Non-local Optimization: Imposing Structure on Optimization Problems by Relaxation
This work provides theoretical insights for researchers in evolutionary computation and reinforcement learning, though it appears incremental as it builds on existing relaxation methods.
The paper tackles the problem of optimizing non-differentiable or non-convex functions in stochastic optimization by analyzing the structure of relaxations, showing that properties like consistency of optimal values, Lipschitz gradients, and convexity enable fast and reliable optimization.

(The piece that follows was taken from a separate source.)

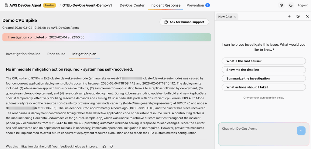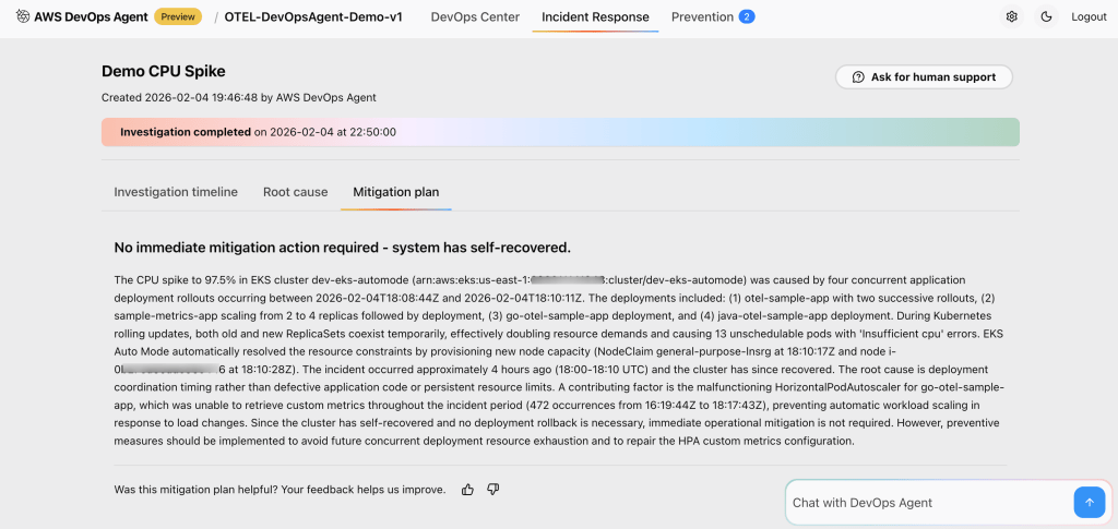 Hình 10: Ảnh chụp màn hình kế hoạch giảm thiểu được đề xuất bởi AWS DevOps Agent

In stochastic optimization, particularly in evolutionary computation and reinforcement learning, the optimization of a function $f: Ω\to \mathbb{R}$ is often addressed through optimizing a so-called relaxation $θ\in Θ\mapsto \mathbb{E}_θ(f)$ of $f$, where $Θ$ resembles the parameters of a family of probability measures on $Ω$. We investigate the structure of such relaxations by means of measure theory and Fourier analysis, enabling us to shed light on the success of many associated stochastic optimization methods. The main structural traits we derive and that allow fast and reliable optimization of relaxations are the consistency of optimal values of $f$, Lipschitzness of gradients, and convexity. We emphasize settings where $f$ itself is not differentiable or convex, e.g., in the presence of (stochastic) disturbance.